Wenn Du dem Mahnbescheid innerhalb von 14 Tagen widersprichst, hat er die Gebühr vorgestreckt, aber immer noch kein Geld von Dir.
Dann kann er entweder weiter Mahnbriefe schicken (na und?), oder er kann klagen. Wird aber schwierig für ihn - angesichts der wackligen Rechtslage.


----------



## Renier (14 Oktober 2009)

*AW: *Consumer Content Consulting* [ edit]*



Nutzlosbranche schrieb:


> Ob die nicht auch noch eine "Allerletzte außergerichtliche Mahnung" schicken?  :-D


Ich hab auch schon so einige "letzte außergerichtliche Mahnung" ignoriert. Eine gerichtliche Mahnung hab ich bisher nicht bekommen.


----------



## Sportfreund2004 (15 Oktober 2009)

*AW: *Consumer Content Consulting* [ edit]*

Mein Vater hat die Tage einen "Klageschrifts-Entwurf" erhalten, sogar schon adressiert ans zuständige Amtsgericht, in dem auf 16 Seiten dargelegt wird, warum das alles rechtens ist, was da gefordert wird. Ich konnte nur mit dem Kopf schütteln. Aber auch diese Drohkulisse wird weiterhin geflissentlich ignoriert. Natürlich nur, solange vom Gericht nichts kommt.


----------



## Captain Picard (15 Oktober 2009)

*AW: *Consumer Content Consulting* [ edit]*

Kein seriöses Unternehmen  veranstaltet so ein Mahndrohkasperletheater.  
Hunde, die bellen,  beißen nicht.


----------



## Antiscammer (15 Oktober 2009)

*AW: *Consumer Content Consulting* [ edit]*

Wer wirklich klagen will, der präsentiert nicht erst den Entwurf, sondern schickt das auch ein und fackelt nicht lange rum.
Bisher haben solche Nutzlos-Abzocker bei den ganz wenigen bekannten Versuchen, solche Forderungen gerichtlich durchzusetzen, sich jedesmal blutige Nasen geholt.
FAQ: Verhalten bei "Gratis"-Abo-Abzocke - Antispam Wiki


----------



## Renier (16 Oktober 2009)

*AW: *Consumer Content Consulting* [ edit]*



Captain Picard schrieb:


> Kein seriöses Unternehmen veranstaltet so ein Mahndrohkasperletheater.
> Hunde, die bellen, beißen nicht.


Apropos seriös.
Man darf sich ja schon fragen wie seriös eine Anwaltskanzlei ist, die sich so aktiv an Betrugsversuchen beteiligt.
Da ist man doch geneigt, denen genauso "verarschend" zurückzuschreiben. Das kann ja nicht verboten sein..solang man nicht direkt beleidigt.
Mir haben sie grade gestern mal wieder "ganz großzügig einen weiteren Aufschub" gewährt, obwohl ich der Kanzlei schon in meiner ersten Antwort erklärt habe, dass ich einer gerichtlichen Auseinandersetzung sehr gelassen entgegen sehe. Lesen können wäre sehr vorteilhaft..:-D


----------



## Hake_77 (5 November 2009)

*AW: *Consumer Content Consulting* [ edit]*

Ich bekam jetzt von Werner Schmidt einen Brief. Überschrift: die eröffnung des gerichtsverfahrens" Es heisst es wurde Anklage erhebt. Was jetzt?

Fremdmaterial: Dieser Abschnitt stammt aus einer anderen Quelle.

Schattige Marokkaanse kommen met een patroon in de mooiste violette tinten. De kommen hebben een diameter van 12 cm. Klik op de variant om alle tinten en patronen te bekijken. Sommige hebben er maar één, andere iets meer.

---------- Artikel hinzugefügt um 17:24:50 ---------- Zeit des vorhergehenden Artikels: 17:22:38 ----------

habt ihr das schonmal gehört, und was ist dann draus geworden. seid ihr eucgh auch sicher ich hab schiss


----------



## wahlhesse (5 November 2009)

*AW: *Consumer Content Consulting* [ edit]*

Auf einen Brief vom Gericht warten. Aber der wird zu 99,999% eh nicht kommen. Daher ist das alles nur unnötige Angstmache. Wenn er wirklich kommen sollte, wäre dann der Zeitpunkt, sich nen Anwalt zu nehmen. Aber das wäre eine Premiere  .

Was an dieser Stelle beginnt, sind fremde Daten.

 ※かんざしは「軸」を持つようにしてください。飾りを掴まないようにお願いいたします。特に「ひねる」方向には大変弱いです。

Von daher... lass die Burschen kläffen.

LG
wahlhesse


----------



## Hake_77 (5 November 2009)

*AW: *Consumer Content Consulting* [ edit]*

woher seid ihr so sicher ,das die urteile die auf dem brief stehn, nicht real sind ?


----------



## wahlhesse (5 November 2009)

*AW: *Consumer Content Consulting* [ edit]*

Mehrjährige Erfahrung in diesem Bereich. Du kannst ja mal ein paar Urteile welche die angeben hier reinstellen. Ich wette, die können wir ratzfatz zerpflücken  . Es werden gerne Urteile aus dem Zusammenhang gerissen oder schlicht erlogen. Alles ist möglich um verängstigte Opfer zur Zahlung zu bewegen.

LG
wahlhesse


----------



## Nutzlosbranche (5 November 2009)

*AW: *Consumer Content Consulting* [ edit]*

Gerichtsurteile können aus dem Zusammenhang gerissen worden sein oder werden verfälscht dargestellt oder es gibt wirklich welche die verurteilt wurden, aber dies durch Fehler des Betroffenen (z.B. durch Ratenzahlung, Eingeständnis das die Forderung besteht) entstanden sind.

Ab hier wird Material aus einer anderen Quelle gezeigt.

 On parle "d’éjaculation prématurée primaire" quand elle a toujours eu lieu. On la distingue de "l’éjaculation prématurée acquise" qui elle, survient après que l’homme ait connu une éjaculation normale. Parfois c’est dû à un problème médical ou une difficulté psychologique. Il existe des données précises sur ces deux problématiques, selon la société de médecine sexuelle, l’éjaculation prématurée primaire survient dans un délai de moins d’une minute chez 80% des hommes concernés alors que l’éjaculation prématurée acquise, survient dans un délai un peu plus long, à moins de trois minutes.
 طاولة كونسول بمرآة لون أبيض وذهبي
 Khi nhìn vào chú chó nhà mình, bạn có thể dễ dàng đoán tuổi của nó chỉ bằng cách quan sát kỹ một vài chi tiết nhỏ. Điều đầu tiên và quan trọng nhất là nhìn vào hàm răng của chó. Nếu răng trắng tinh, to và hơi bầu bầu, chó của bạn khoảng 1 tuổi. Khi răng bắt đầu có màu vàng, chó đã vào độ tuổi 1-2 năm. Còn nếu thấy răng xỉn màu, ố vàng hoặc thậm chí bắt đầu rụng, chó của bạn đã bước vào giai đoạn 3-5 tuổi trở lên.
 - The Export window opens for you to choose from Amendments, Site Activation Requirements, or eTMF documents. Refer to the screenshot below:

Und ich meine, sollte die CCC GmbH wirklich ernst machen, wären die Verbraucherschutzforen schon voll damit. Bis jetzt liest man immer nur von den nie endenen Mahnungen.


----------



## Teleton (5 November 2009)

*AW: *Consumer Content Consulting* [ edit]*

Vermutlich gibt es die Urteile, eines habe ich sogar mal gelesen. 

Aber das bedeutet noch gar nichts. Zunächst müsste geprüft werden, ob die Urteile tatsächlich den behaupteten Inhalt haben insbesondere CCC betreffen und nicht aus dem Zusammenhang gerissen wurden. 
Du weisst weder wie oft Klagen daneben gegangen sind um ein Urteil zu bekommen. Noch ist bekannt wie sich der Beklagte verteidigt hat bzw ob er sich überhaupt ernsthaft verteidigen wollte.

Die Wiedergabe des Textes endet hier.